A thread is the smallest unit of processing that can be scheduled by an operating system. Your app’s main process (or program) can be broken into threads, which can then be scheduled simultaneously by the operating system. This method helps the programmer take care of longer processes in a separate thread, so that the main thread (in which the UI is running) remains quick and responsive to the user.

Main Thread and Background Threads

Whenever we create an activity, it runs by default in the main thread of your application. All the commands issued by the Android operation system (like onClick, onCreate, etc.) are sent to and processed by this main thread.

But, if you include all of your processing logic in the main thread, your application might not be too busy to respond to the messages sent by the Android operating system. This might even make your application completely unresponsive, which would prompt Android to display the warning of “application not responding” and shut down your app by force.

To prevent this problem, it’s good practice to perform all the tasks that might take a long time in a separate background thread rather than in the main thread. This would leave the main thread free to remain responsive to the user input sent by the Android operating system.

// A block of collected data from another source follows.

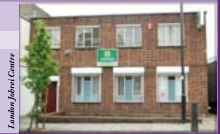
London Johrei Centre
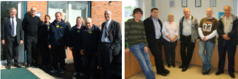
Visitors from SLATE in Leeds and Visitors from REBOOT in Inverness

We host many visits from organisations and individuals who come to us to research the workings of a successful social enterprise in computer recycling. This time they came from as close as Leeds and as far away as Inverness.
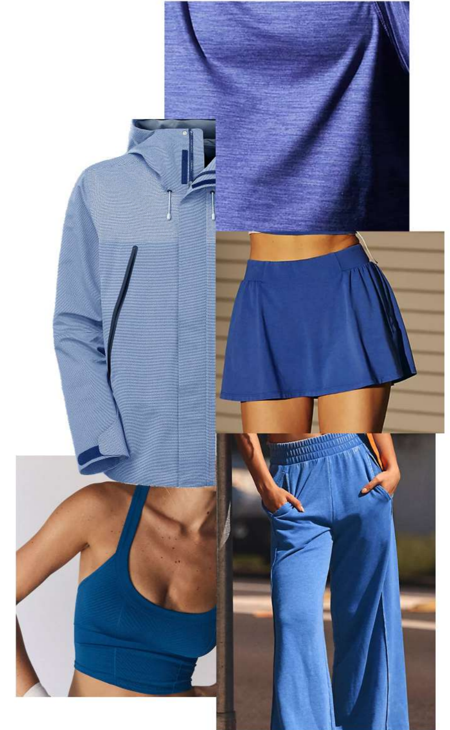
CHAMBRAY/ YARN DYED TEXTURES

One notable downside to this method is that the UI cannot be updated from the background thread, it has to be updated from the main thread. But, with a little planning ahead, this issue can be easily remedied.

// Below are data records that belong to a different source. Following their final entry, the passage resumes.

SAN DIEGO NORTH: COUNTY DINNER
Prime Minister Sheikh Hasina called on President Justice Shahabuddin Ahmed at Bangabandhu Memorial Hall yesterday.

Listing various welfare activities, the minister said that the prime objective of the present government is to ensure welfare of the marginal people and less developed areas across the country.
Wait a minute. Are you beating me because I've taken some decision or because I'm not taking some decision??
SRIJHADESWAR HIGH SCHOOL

Creating a Program to Show a Progress Bar Using Threads

As a demonstration of the versatility of threads, we are going to create a simple program that displays a background thread and passes information to a handler, which will update the progress bar.

Adding the Progress Bar

Android has a progress bar widget that can be used in the UI to show the progress in the UI.

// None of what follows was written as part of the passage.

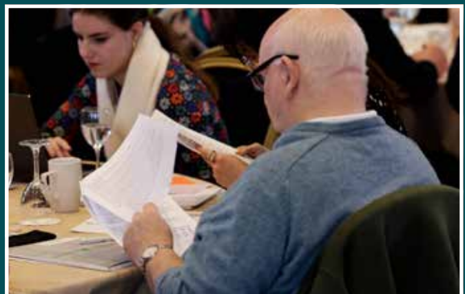
Figure 6.7: Members discuss Ballot Papers
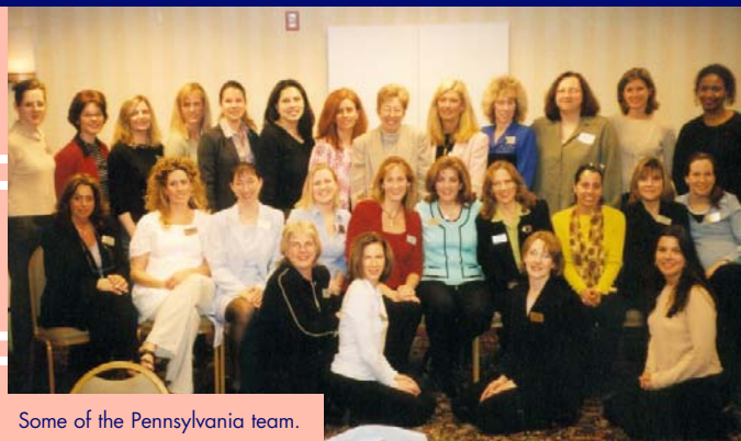
Some of the Pennsylvania team.

We are going to add the progress bar by adding the <ProgressBar> tag in the standard layout.xml file.

The following is the layout.xml file:

<?xml version="1.0" encoding="utf-8"?>

<LinearLayout xmlns:android="http://schemas.android.com/apk/res/android"

android:orientation="vertical"

android:layout_width="fill_parent"

android:layout_height="fill_parent"

>

<TextView

android:layout_width="fill_parent"

android:layout_height="wrap_content"

android:text="@string/hello"

/>

<ProgressBar android:id="@+id/progress"

style="?android:attr/progressBarStyleHorizontal"

android:layout_width="fill_parent"

android:layout_height="wrap_content" />

</LinearLayout>

In the example above, we have added a “ProgressBar” with the ID as “progress” and the style as horizontal to display a horizontal progress bar.

Below is the onCreate method of the activity:

@Override

public void onCreate(Bundle savedInstanceState) {

super.onCreate(savedInstanceState);

setContentView(R.layout.main);

PrgBar=(ProgressBar)findViewById(R.id.progress);

}

In the above example, we create the instance of the progress bar and store it in a variable “PrgBar”.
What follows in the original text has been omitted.